A serious violation, detection is huge for what is a very effective doping practice.

“A test for EPO was first presented at the 2000 Olympic Games in Sydney, Australia that was based on a complementary analysis using blood and urine matrix. With this test, a blood screening took place first, followed by a urine test to confirm possible use of EPO.”

What does this mean for the legacy of TJ Dillashaw?

Prior to the big announcement of the failed drug test, TJ Dillashaw was in talks with the UFC about a rematch with Henry Cejudo at bantamweight, looking to find redemption in his most recent loss to the Olympic gold medalist at flyweight.

The two-time bantamweight champion would first obtain gold in May of 2014, TKOing the champion, and one of the best in the world at the time, Renan Barao. Moving ahead, Dillashaw would score a second win over Barao in a rematch, two victories over former teammate Cody Garbrant, Raphael Assunção, and John Lineker. Now, his past resume and future seem uncertain.

Last year, Garbrandt took to social media, replying to a previous tweet from Dillashaw, saying, “No s**t! I’m talking about the march fight and then you said you were hurt, must be all that EPO going to your head! Have a safe camp see you in aug!”
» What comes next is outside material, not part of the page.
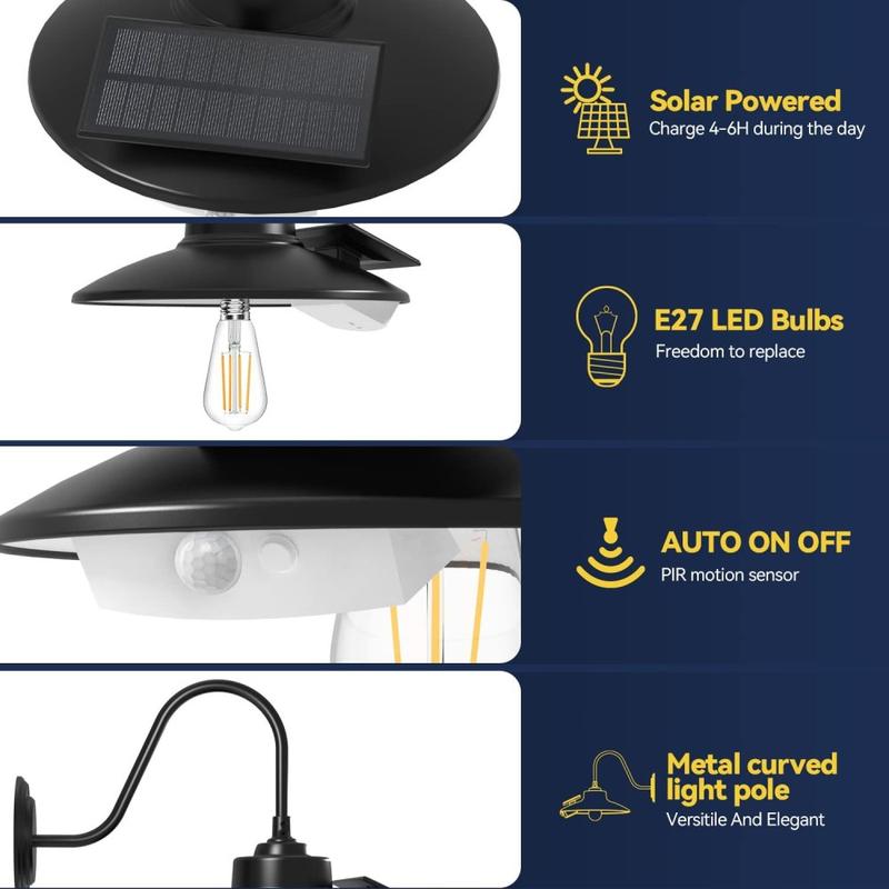 Retro-Solar-Scheunenleuchte mit Edison-LED und Bewegungssensor - 3-Modi IP65-Wandleuchte für den Außenbereich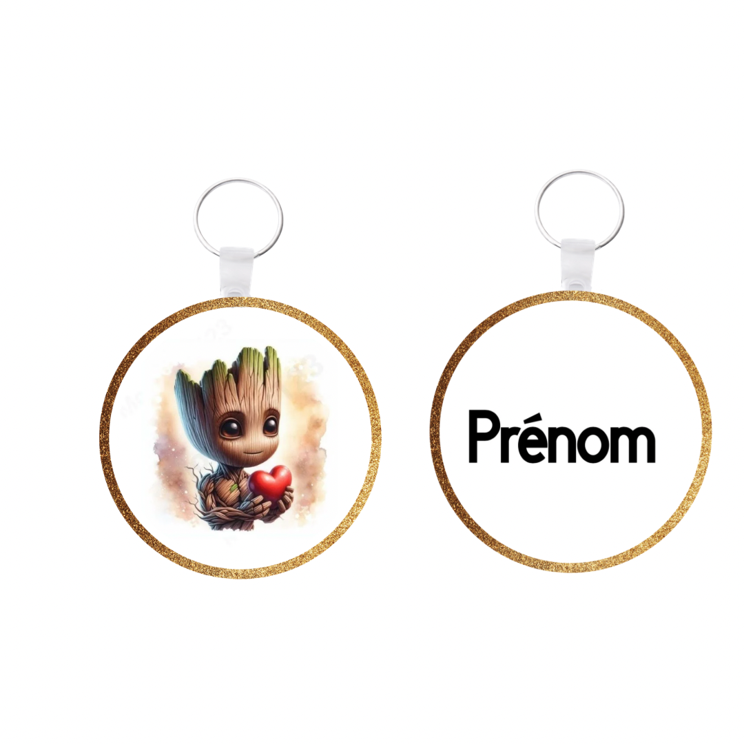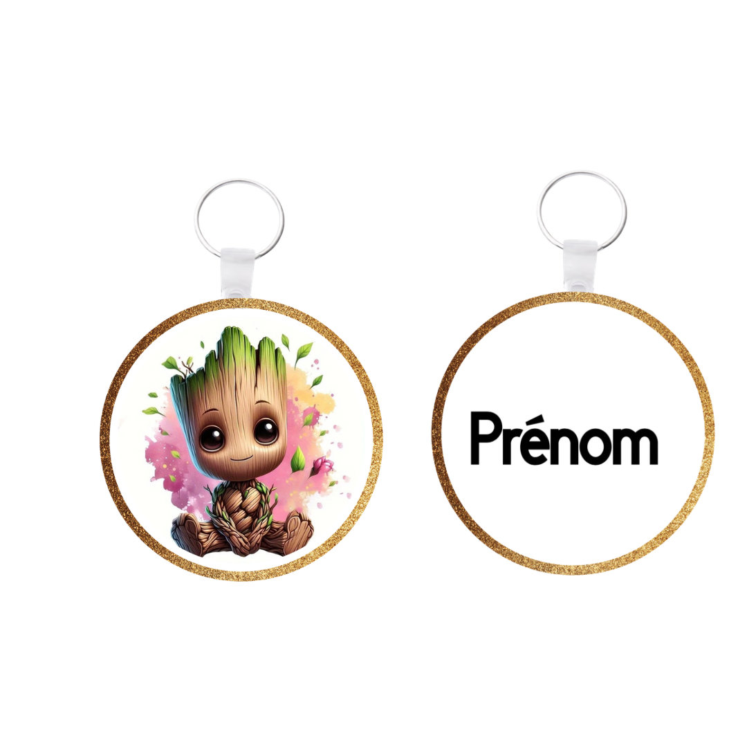 Porte-clé rond Groot personnalisé – Prénom au choix

The tweet above suggests members of Team Alpha Male, as previously stated by Garbrandt and others of the training facility, were clearly aware of the doping that was allegedly going on.

UFC Vice President of Athlete Health and Performance, Jeff Novitzky, spoke with ESPN following Dillashaw’s suspension, saying, “I’m quite familiar with EPO from my days investigating professional cycling teams. It’s a very effective substance. It’s not a substance you find in contaminated supplements, it’s injectable only. You have to know what you’re doing when it enters your system.”

He continued, “On a scale of seriousness in anti-doping, it’s up near the top.”

Though he’s coming off of a loss, TJ Dillashaw is still one of the best bantamweights around, atop one of the more stacked divisions the UFC has to offer. With many up-and-coming potential title challengers, the 135-pound weight class will move on without him, as the promotion has already scheduled a title fight between Henry Cejudo and Marlon Moraes.

With such a serious doping offense, it’s clear Dillashaw will move forward, if he decides to return, with a huge tarnish on what was an impressive career.

TJ Dillashaw has not commented on the positive findings of EPO since his original statement regarding the drug test violation and vacation of his title.